Mesoscale simulation of the sedimentation of melting elliptical particle

Abstract

In this paper, a mathematical relationship between particle melting rate and its surface heat flux is established to solve the problem of melting of elliptical particle sedimentation based on the direct numerical simulations of particle sedimentation when taking account of thermal convection within the framework of the arbitrary Lagrangian-Eulerian technique. The elliptical particle with different initial angles is released in a mesoscale channel under gravity. Compared with the isothermal elliptical particle sedimentation, the melting elliptical particle shows large differences in moving trajectories, the forces exerting on the particle and velocities, which come from the consideration of fluid convection, mass loss, and shape change.
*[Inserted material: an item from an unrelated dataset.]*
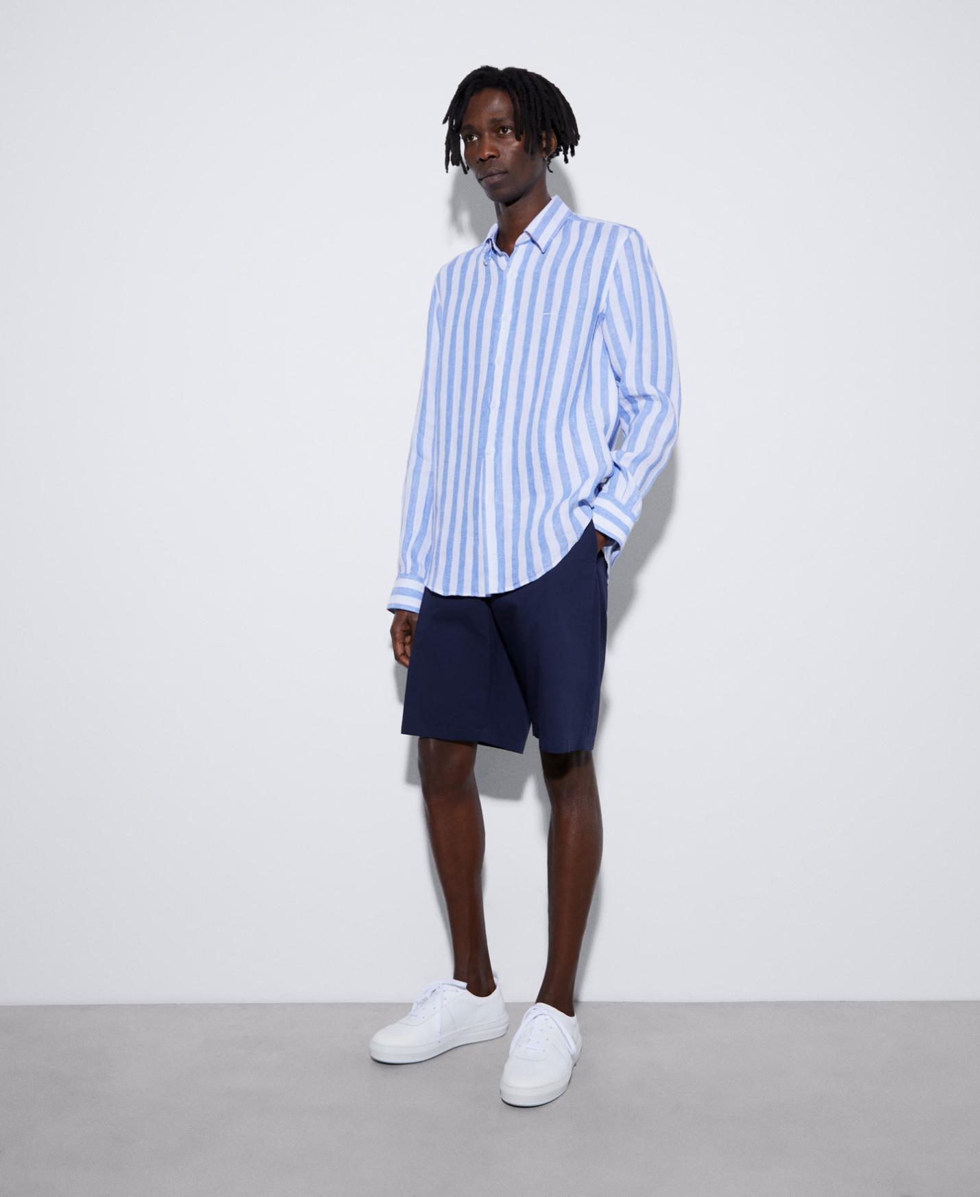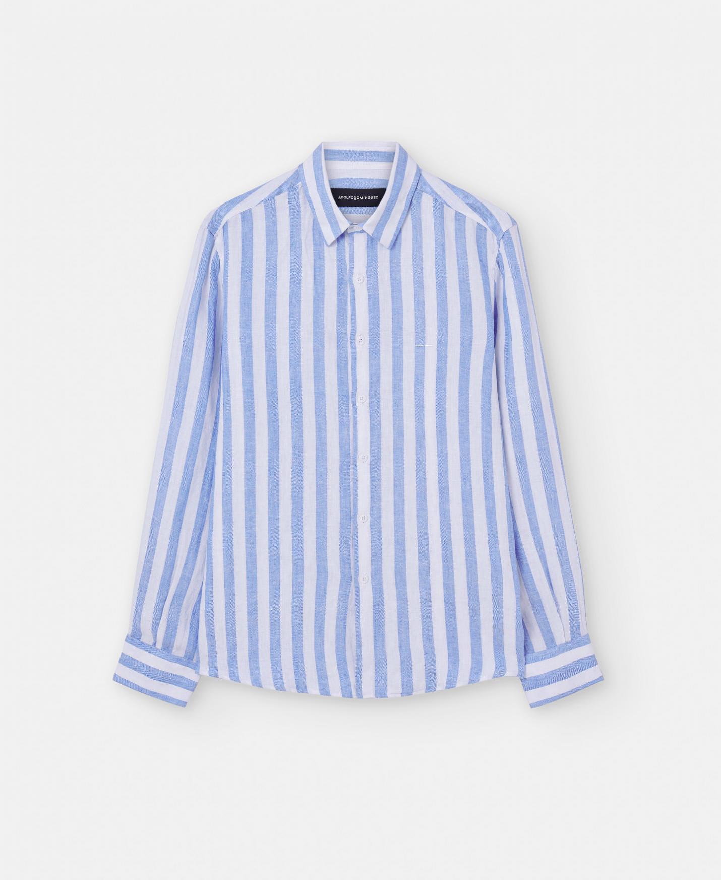 Lino Adolfo Dominguez | Camisa rayas cuello solapa en lino Rayasblanco/Azul Hombre

More specifically, 1) in the case of isothermal elliptical particle sedimentation, the velocity, the horizontal trajectory, and the force vary periodically. However, the amplitude recedes gradually, and finally becomes zero in the case of the melting elliptical particle, which is caused by the mass lost and shape change. 2) The equilibrium position of the major axis will finally be perpendicular to the direction of sedimentation. So, the initial angle of slope (θ) usually affects the sedimentation in the beginning, and vanishes after a period of time. 3) The downward convection induced by the cold fluid accelerates the velocity of the melting particle. The angular velocity, force and horizontal amplitude of the melting particle become smaller than those of the isothermal particle, and finally recedes to zero. In our study, the investigation of coupled heat transfer, fluid-solid system and shape change is carried out, and some new features are found out.